Lead relative bioavailability (Pb-RBA) is crucial for assessing human health risks from lead exposure.
Existing data lacks specific Pb-RBA values for diverse soil sources and biological endpoints in vivo.
Current United States Environmental Protection Agency (USEPA) Pb-RBA estimates for soils may not be universally applicable.

Purpose of the Study:

To estimate Pb-RBA from different soil sources and biological endpoints in vivo using machine learning.
To provide more accurate Pb-RBA data for improved soil lead risk assessment.
To define Pb-RBA across various soil types and biological targets.

Main Methods:

Utilized machine learning, specifically the Random Forest (RF) model, to predict Pb-RBA.

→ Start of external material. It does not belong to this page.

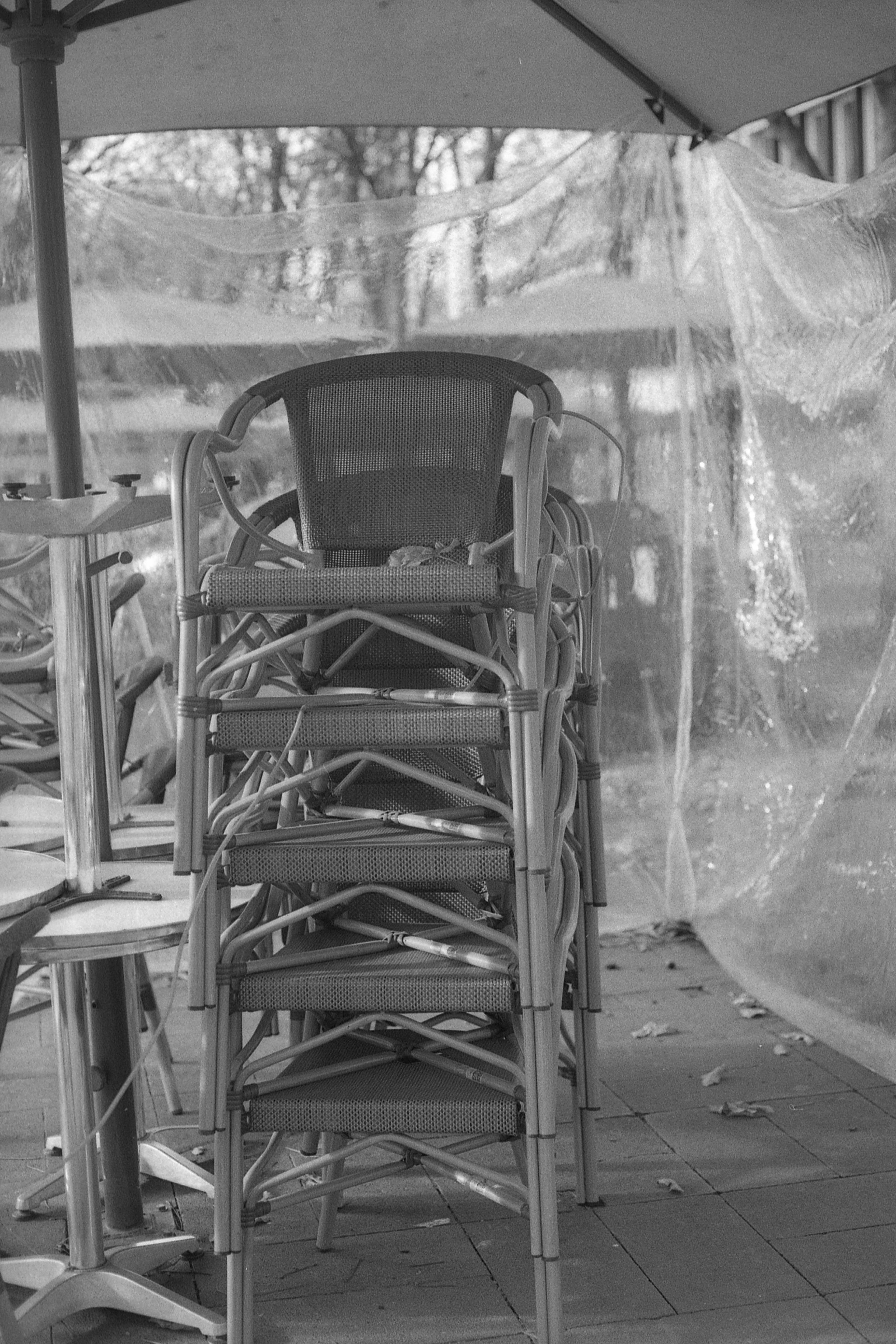 Das Bild mit den Stühlen hat es tatsächlich in meinen diesjährigen Kalender geschafft. (50mm, 1/250s, f/3,5.) Weiß nicht, ist wieder eines dieser Herbstfotos, die mich einfach ansprechen. Die Geschäftigkeit des Sommers ist vorbei, die Bürgersteige werden hochgeklappt, die Rattanstühle gehen zurück in den Keller. Hätten gerne noch ein paar mehr Blätter rum liegen können.

Estimated Pb-RBA for multiple biological endpoints: blood, kidney, liver, and femur.

Analyzed Pb-RBA across various soil sources including shooting ranges, agricultural, urban, mining, industrial, and certified reference materials.

Main Results:

Predicted mean Pb-RBA values varied by endpoint: blood (49.94±18.65%), kidney (60.15±26.62%), liver (60.90±21.51%), femur (50.70±17.56%), and combined (62.89±16.64%).
Pb-RBA from shooting range soils was highest (88.21±16.92%), while industrial soils showed the lowest (47.71±20.35%).
Estimated Pb-RBA values generally ranged from 20-80%, differing from the USEPA's 60% soil Pb-RBA.

Conclusions:

This study provides the first definition and in vivo data for Pb-RBA across diverse soil sources and biological endpoints.
Machine learning models offer a robust approach for estimating Pb-RBA, improving upon generic estimates.
The findings necessitate a re-evaluation of current lead risk assessment protocols using more specific Pb-RBA data.